Many people, however, prefer to have greater access to all of their assets, including both income and principal. Under the laws of New York and most other states, it is not possible to create a creditor-protected irrevocable trust that would permit the trustmaker to be a beneficiary of both trust income and principal. But with Alaska leading the way in 1997, there are now eight states -- Alaska, Delaware, Nevada, South Dakota, New Hampshire, Wyoming, Colorado and Utah -- that have passed legislation authorizing the creation of what have become known as Domestic Asset Protection Trusts (“DAPT”). DAPT’s are irrevocable trusts in which the trustmaker can remain a beneficiary and yet be protected against prospective creditor claims. There is the additional potential benefit that the trust can be structured so that future appreciation of trust assets may be excluded from the trustmaker’s taxable estate.
To provide the requisite asset protection, DAPTs must satisfy, at minimum, the following criteria: (1) they must be irrevocable; (2) at least one Trustee (either an individual or corporate fiduciary) must be a resident of the jurisdiction in which the DAPT is being formed; (3) a minimum amount of trust assets (often as little as $10,000) must be located in the jurisdiction (usually held in a bank or investment account) where the trust is formed; and (4) the trust should provide the trustee with complete discretion for making distribution of income or principal to the trustmaker and other beneficiaries (often the trustmaker’s spouse, children or other family members). Note that you do not need to be a resident of the state where the DAPT is being formed to take advantage of these types of trusts; in fact, states that have established these types of trusts have done so with the express expectation that residents of other states will establish the DAPT in that particular jurisdiction, thereby bringing additional investments and business activity into that state.

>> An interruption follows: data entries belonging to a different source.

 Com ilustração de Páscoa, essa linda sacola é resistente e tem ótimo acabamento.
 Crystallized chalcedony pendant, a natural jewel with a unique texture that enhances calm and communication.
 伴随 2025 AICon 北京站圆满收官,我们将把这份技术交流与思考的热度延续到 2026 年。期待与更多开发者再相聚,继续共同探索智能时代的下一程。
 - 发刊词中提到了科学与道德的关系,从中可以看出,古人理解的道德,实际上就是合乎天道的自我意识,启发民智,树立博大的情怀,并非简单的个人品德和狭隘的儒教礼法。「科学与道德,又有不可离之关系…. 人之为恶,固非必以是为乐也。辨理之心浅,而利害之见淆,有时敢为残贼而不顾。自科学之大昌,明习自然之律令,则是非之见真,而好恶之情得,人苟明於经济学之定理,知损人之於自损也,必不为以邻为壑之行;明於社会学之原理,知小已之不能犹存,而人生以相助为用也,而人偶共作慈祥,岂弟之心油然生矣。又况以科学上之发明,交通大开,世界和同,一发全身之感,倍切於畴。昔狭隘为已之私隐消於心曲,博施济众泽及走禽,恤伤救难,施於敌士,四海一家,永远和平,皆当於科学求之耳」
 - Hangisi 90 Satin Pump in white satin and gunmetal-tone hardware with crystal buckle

DAPT’s can also be used in conjunction with, or as an alternative to, a prenuptial agreement. Not only may a prenuptial agreement be set-aside at the whim of a judge, but many people – even those with extreme wealth (see Paul McCartney) – are reluctant to broach the topic of a prenuptial agreement with a prospective spouse, and/or may be reluctant to comply with the asset disclosure requirements for prenuptial agreements. Placing assets in a DAPT in advance of a marriage should protect those assets from inclusion in determining the “equitable distribution” of the couple’s assets in the event of divorce.
One potential disadvantage of DAPT’s is that, even more than a decade after the Alaska and Delaware statutes were adopted, there have been no cases testing whether a judgment obtained in one state (e.g., New York) can be enforced against a DAPT created in another state (e.g., Alaska or Delaware) under the “Full Faith and Credit” clause of the U.S. Constitution. Perhaps the absence of reported cases supports the effectiveness of the DAPT statutes. It is likely that there have been cases where a creditor, faced with challenging a DAPT, may have instead settled on terms favorable to the trustmaker. Inevitably, however, we can expect to see reported court cases determining the scope of creditor protection to be afforded a trustmaker residing in a state that has not enacted DAPT legislation (i.e., New York) who has established a DAPT in one of the eight DAPT jurisdictions.

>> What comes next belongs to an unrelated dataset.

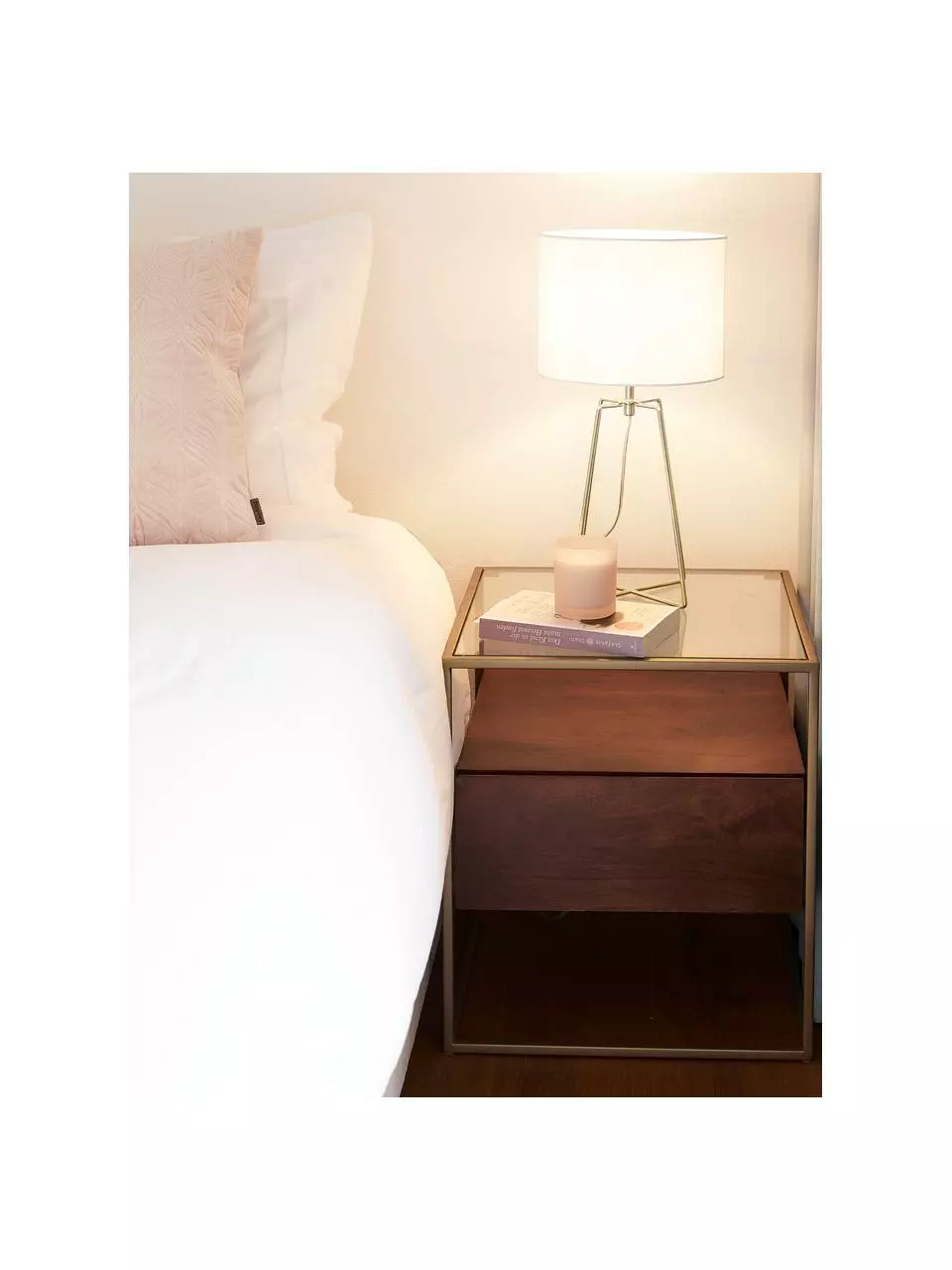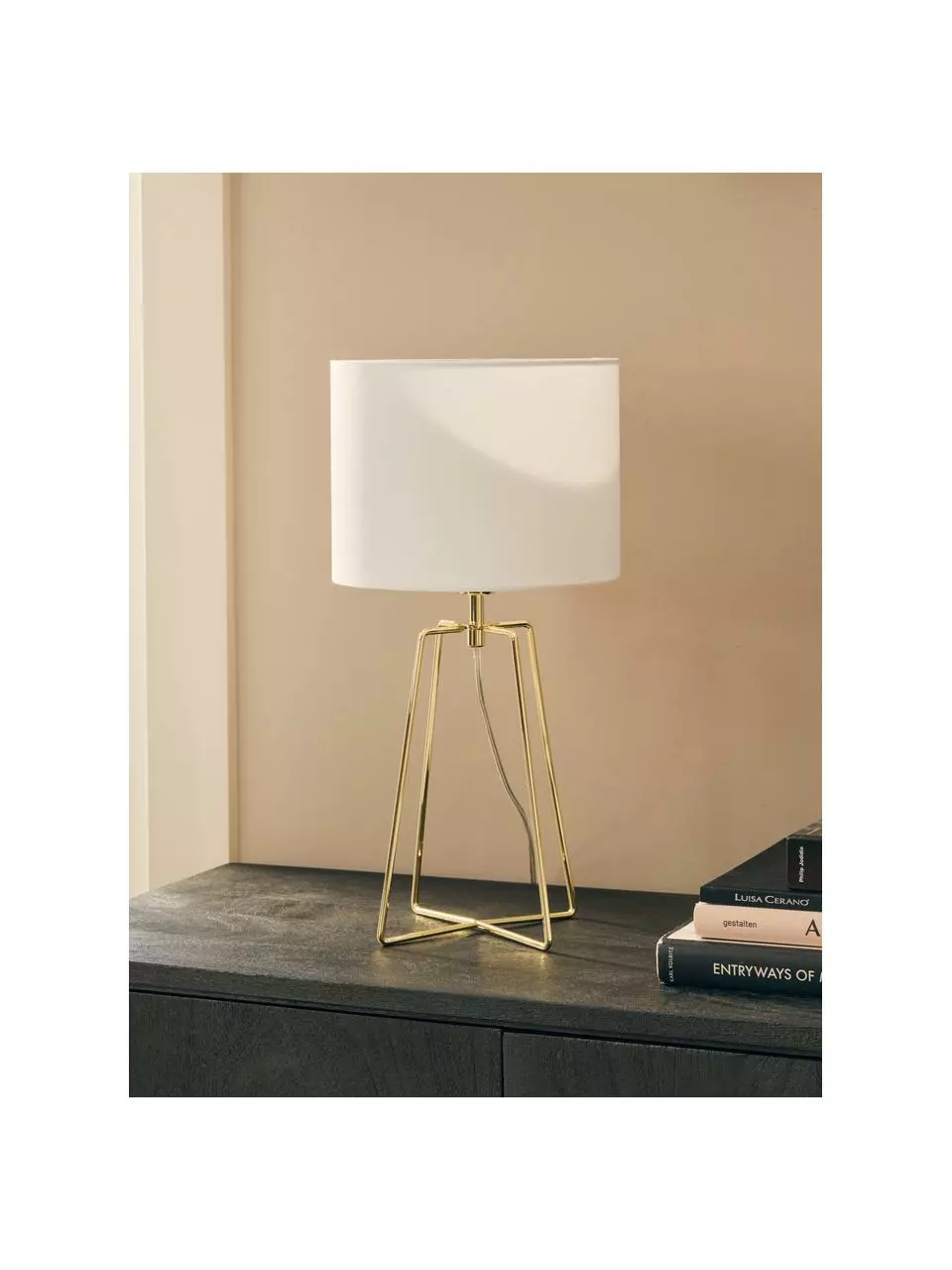– Elegantes Design dank feinem Metallfuß in Gold

While no asset protection strategy can be deemed “bulletproof,” the foreign asset protection trust (“FAPT”) provides the greatest barrier to the claims of future creditors. FAPT’s are similar in structure to DAPT’s, but because they are created in foreign jurisdictions such as Nevis, the Cook Islands, the Bahamas, and other similar jurisdictions that are not subject to the Full Faith and Credit clause of the U.S. Constitution, they are widely considered to provide a higher level of asset protection than a DAPT. In addition, foreign nations typically impose more stringent burdens of proof, shorter statutes of limitation and other legal hurdles that tend to discourage a judgment creditor from pursuing their claim (and will often lead to a settlement more favorable to the judgment debtor). A disadvantage of FAPT’s is their higher cost to create and maintain, as well as the discomfort some people have of dealing with a foreign jurisdiction.

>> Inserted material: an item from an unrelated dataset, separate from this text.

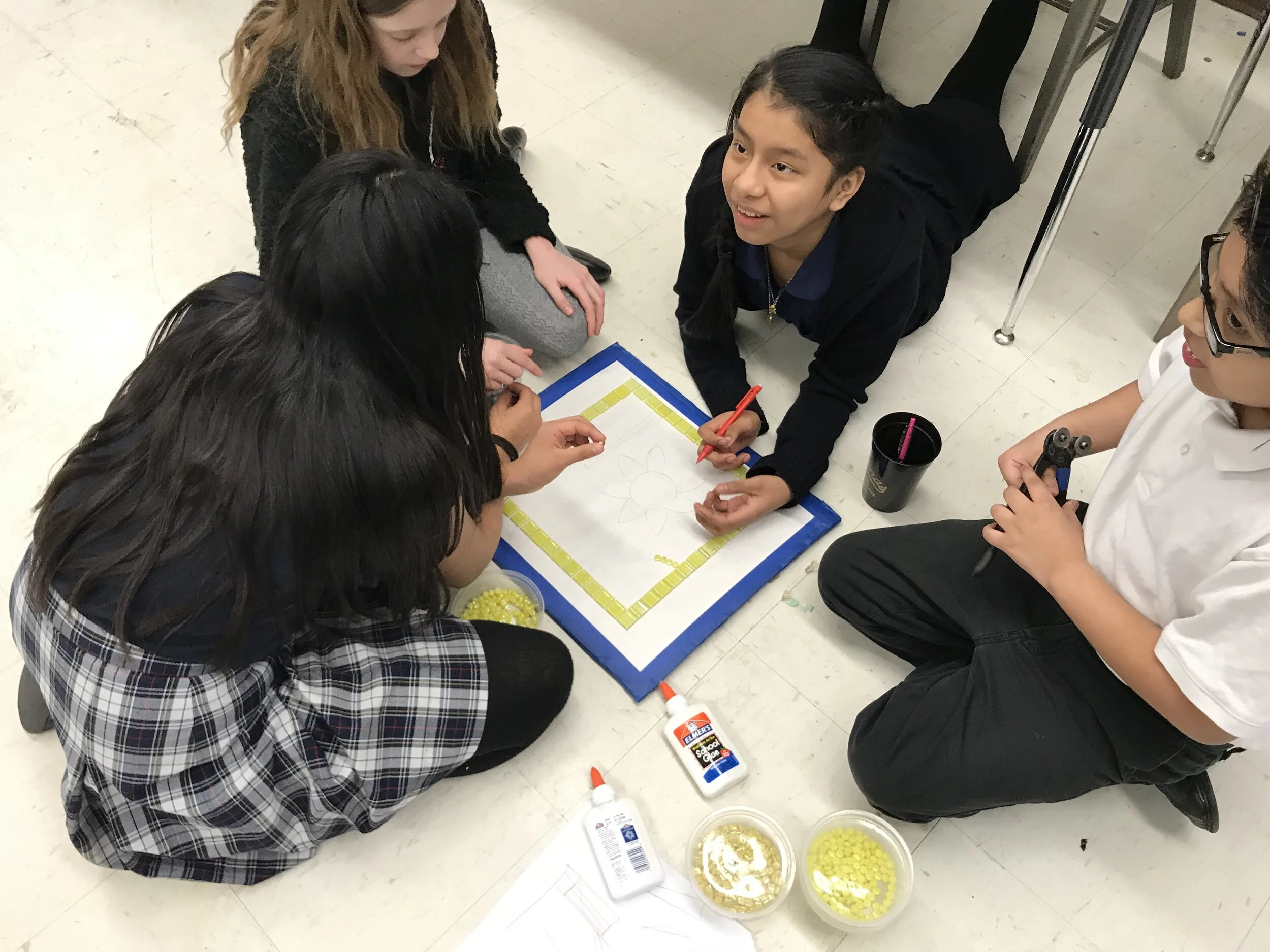 Kids Educational Art Project sponsored by Arts in Stark | Glass tile, stained glass, mirror, glass gems | 3’ x 5’
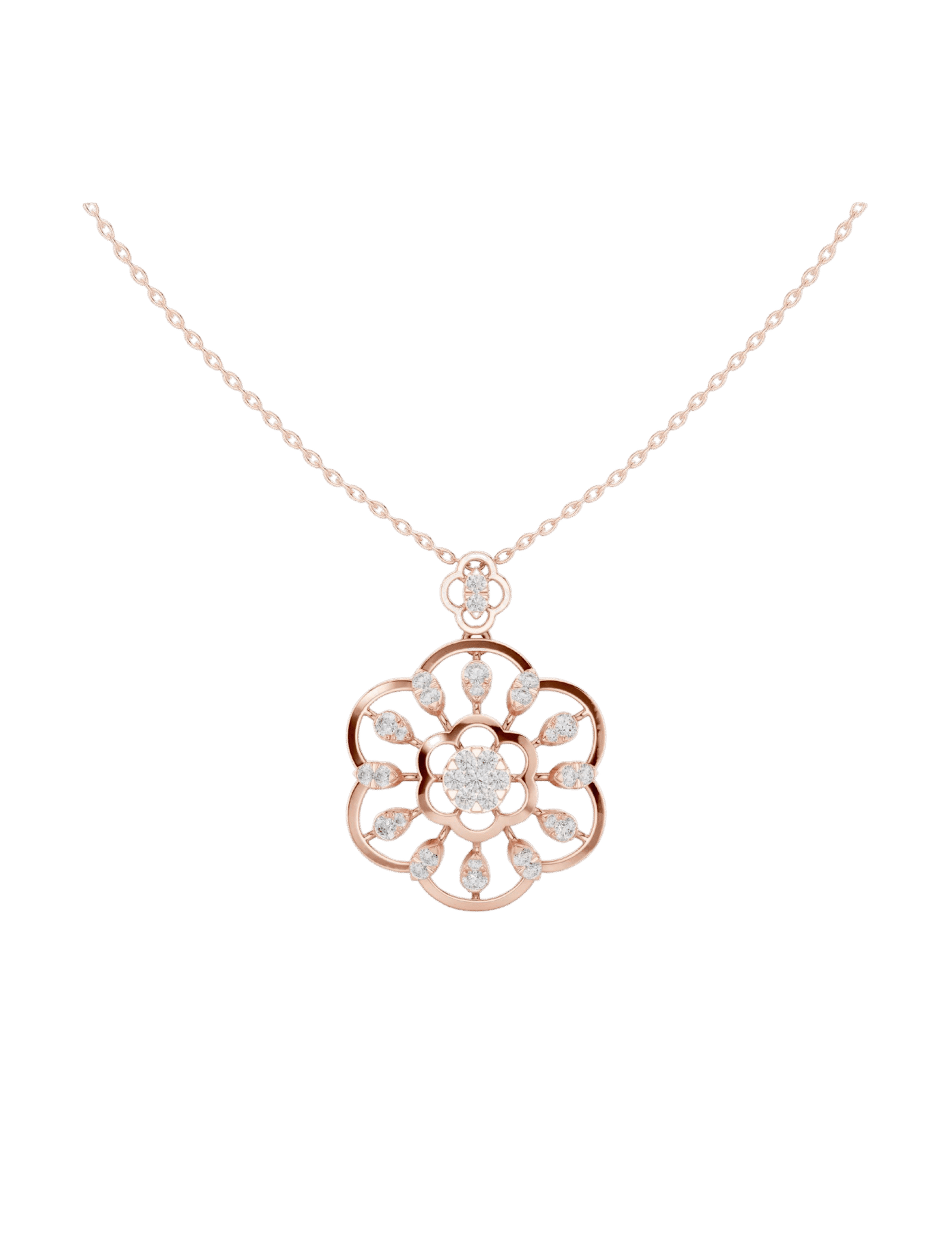 An elegant rose gold floral or abstract pendant showcasing a delicate openwork design with sparkling diamonds.

Asset protection is a legitimate and valuable part of the planning process. Keep in mind, however, that the time to protect your assets is before an actual or likely creditor claim has arisen. At that point, engaging in any of the above-described asset protection strategies might be deemed invalid under the doctrine of “fraudulent conveyance,” and might expose you and your professional advisor to civil, and possibly even criminal, sanctions.